After the first day of jig basics, we thought we’d just add a bit of technique for the second day. This was not to be the case since Cliff was roaring to get going on the pile of burls he had brought. He decided that it was time for us to tackle his signature piece – a teapot.
He took us through a demo during the morning, which included creating a design, marking it on the burl and then cutting a basic shape on the bandsaw. Next came the tricky part, a bit of tight in turning to get the ends of the pot and then out came the router jig to rough out the body of the pot.
For Cliff this was something he had done many, many times, but even though we were new to the game, the whole class was enthusiastic about getting started. The first thing we had to do was create a design; side view and top view.

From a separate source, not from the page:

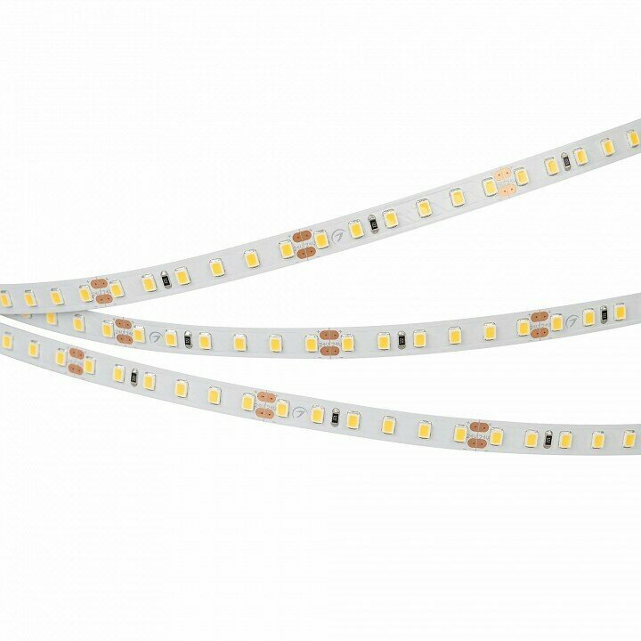 Светодиодная лента шириной 8 мм и мощностью 14.4 Вт/м с индексом цветопередачи CRI>90. Светодиоды SMD 2835 (120 шт/м) теплого белого цвета свечения (2700 К). Напряжение питания 24 В. Минимальный отрезок 50 мм (6 светодиодов). Для декоративной подсветки интерьеров, потолочных ниш, а также подсветки рекламных конструкций и витрин. Обязательна установка на алюминиевый профиль.

Then we went out with Cliff to the burl pile and picked a burl that best matched our design.
I got a green cherry burl and after bandsawing, I mounted on the lathe, prepared a mounting tenon and then began to round the ends of the teapot.
You had to be careful not to hit the bandsawn wings which would become the spout and handle. Next was using the router jig to rough out the main part of the pot and create the top where we will eventually add a lid.
Next we had to bring it back to the bandsaw with our design and cut away some of the waste parts, after which we would start the carving.
After a few cuts, it was on to the power carving tools. The rule with this kind of work is to use the fastest tool to get you to a certain quality of surface and from their each tool is allowing you to get to refine that surface. I started with a Proxxon mini with an Arbotech cutter. Quite aggressive, but got a lot of the material removed. It was then on to a Fordham with a Saburr bit. I was off to town with this bit and it allowed me to get a good roughed out shape. However, since the burl was green and contained the pith, I had to stabilize it with CA (super glue). At least it was beginning to look like a teapot.
Today I had to Do something to relieve any more stress that could cause additional cracking. I had drilled out the center of the pot last night and today I hollowed it.
With the piece hollowed I had to start drying in out in a microwave. Heating the wood in a microwave and then applying additional CA to the cracks allowed much deeper penetration of the glue. Actually, we only microwaved for three minutes and then added glue to any cracks and then let the piece cool completely. We repeated the process six times adding CA only if we saw a crack developing. I finally finished with the drying at about 9:00 tonight and will start to take the surface to the next stage of refinement tomorrow.
One of our classmates, who had already taken a class with Cliff did a demo this morning of adding feet to bowls. Since I had free time while the teapot was drying I make a calabash bowl with tiny feet. Richard’s demo did the trick.